## [AIM OF THE TASK]
For this exercise, copy exactly the lines below from the one with "на сайте издательства" through the one with "Range of high" and leave out the pictures.

[Start of section]

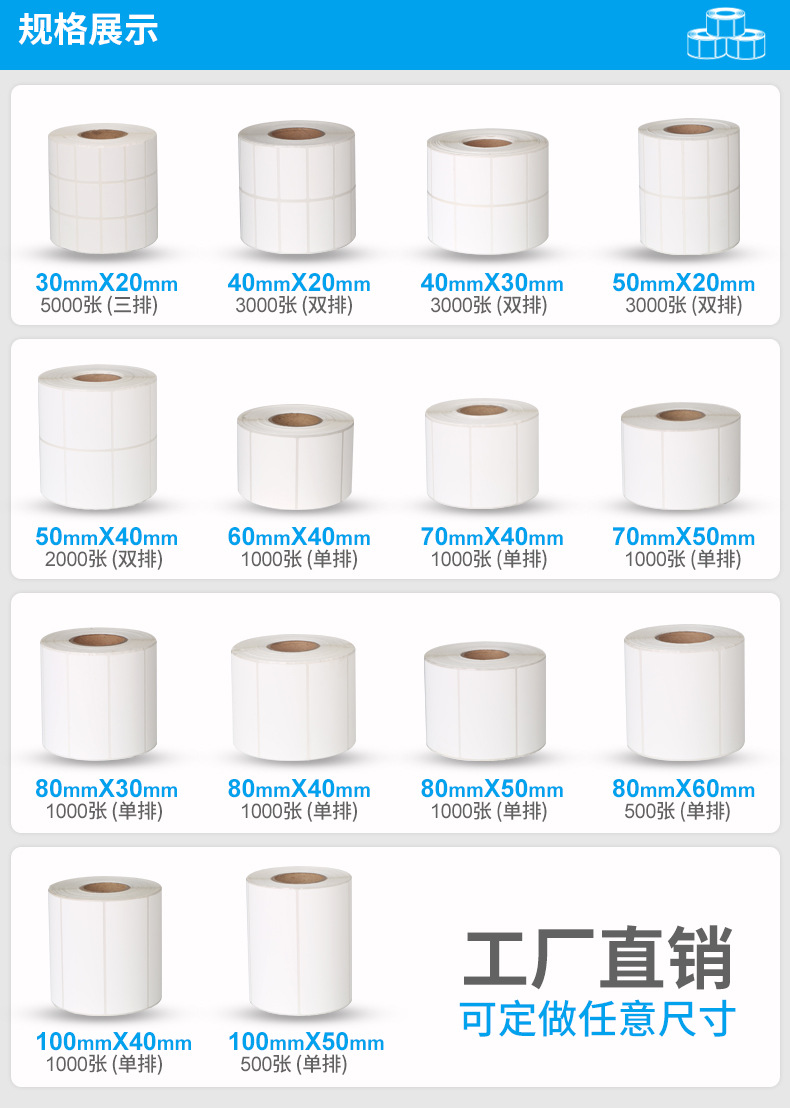 三防感熱ラベル紙防水防油防傷服装吊り札ステッカーバーコード印刷空白シール
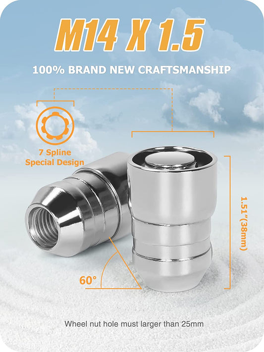 MIKKUPPA 14x1.5 Wheel Locking Lug Nuts Chrome Cone Seat Wheel Tire Lock Nuts Set with Key Replacement for Jeep/Toyota/Honda/Ford - Set of 4
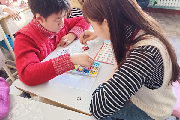 志愿者们进入教室,跟小朋友们打招呼,交朋友。开始简单介绍几何结构性质以及在生活中的应用。带领小朋友们做了小手工。小朋友们在活动中积极主动,现场气氛热烈帮助他们做手工,询问他们实践过程中的问题,关心并参与手工制作过程中,帮助小朋友们,做手工,用各种各样的工具,做出漂亮的东西。整个过程弥漫着笑声与欢乐。下午2时45分,随着放学铃声的响起,活动也开心的结束了,小朋友们与志愿者们告别。
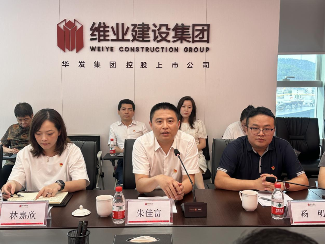 调研结束后,在维业股份会议室举行专题座谈。会上,朱佳富总裁系统汇报了企业战略规划、业务布局、党建创新及业务发展情况,并就行业态势下技术创新、人才梯队建设等核心议题提出建议。
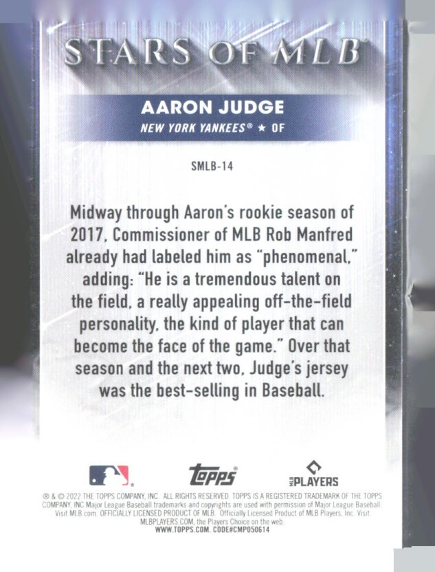 You are purchasing a 2022 Topps Aaron Judge #SMLB-14 Stars of MLB. You will receive the exact item in the photographs. Thank you for looking.
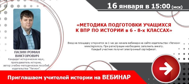 " Дата: 16.01.2026 (Пт) Время: 15:00 Лектор Пазин Роман Викторович - кандидат исторических наук, преподаватель истории, автор учебно-методических пособий по истории и обществознанию издательства "Легион". Участие бесплатное. Выдается сертификат. Требуется регистрация на сайте издательства
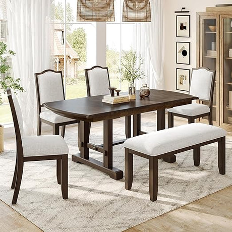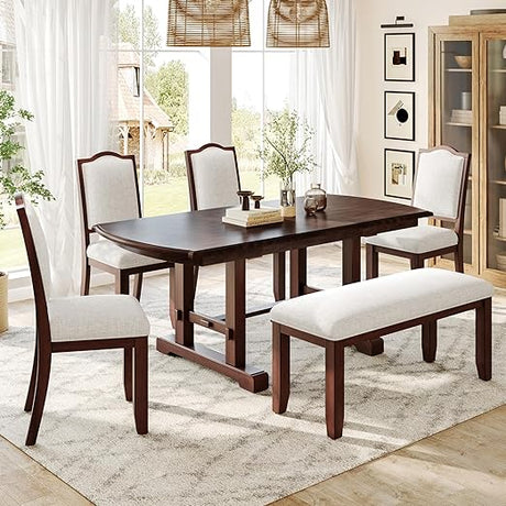 Regular price $1,026.99 USDUnit price /UnavailableIn stock6-Piece Extendable Wood Dining Table Set with Upholstered Chairs
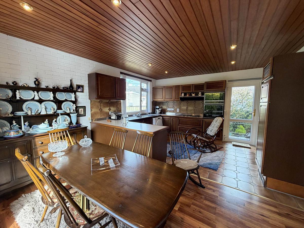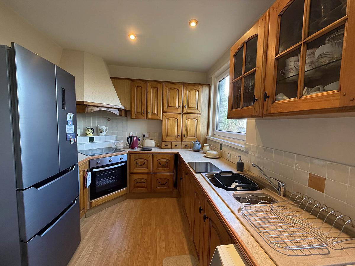 Range of high and low level pegged pine units & drawers. Diisplay cabinets. Laminate work tops. Single drainer sink unit with vegetable basin. Plumbed for washing machine. Zanussi four ring induction hob. Canopy extractor fan. Candy low level oven. Part tiled walls. Laminate wood flooring.
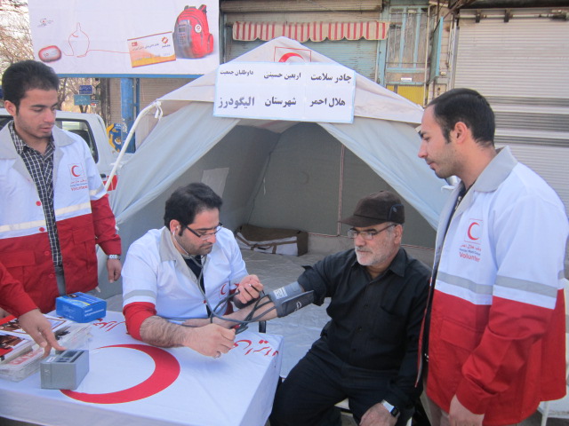 در روز اربعین حسینی ، داوطلبان جمعیت هلال احمراستان لرستان اقدام به برپایی چادرسلامت در مسیرتردد عزاداران حسینی نمودند.

[End of section]

## [EXERCISE RESULT]
 " Дата: 16.01.2026 (Пт) Время: 15:00 Лектор Пазин Роман Викторович - кандидат исторических наук, преподаватель истории, автор учебно-методических пособий по истории и обществознанию издательства "Легион". Участие бесплатное. Выдается сертификат. Требуется регистрация на сайте издательства
 Regular price $1,026.99 USDUnit price /UnavailableIn stock6-Piece Extendable Wood Dining Table Set with Upholstered Chairs
 Range of high and low level pegged pine units & drawers. Diisplay cabinets. Laminate work tops. Single drainer sink unit with vegetable basin. Plumbed for washing machine. Zanussi four ring induction hob. Canopy extractor fan. Candy low level oven. Part tiled walls. Laminate wood flooring.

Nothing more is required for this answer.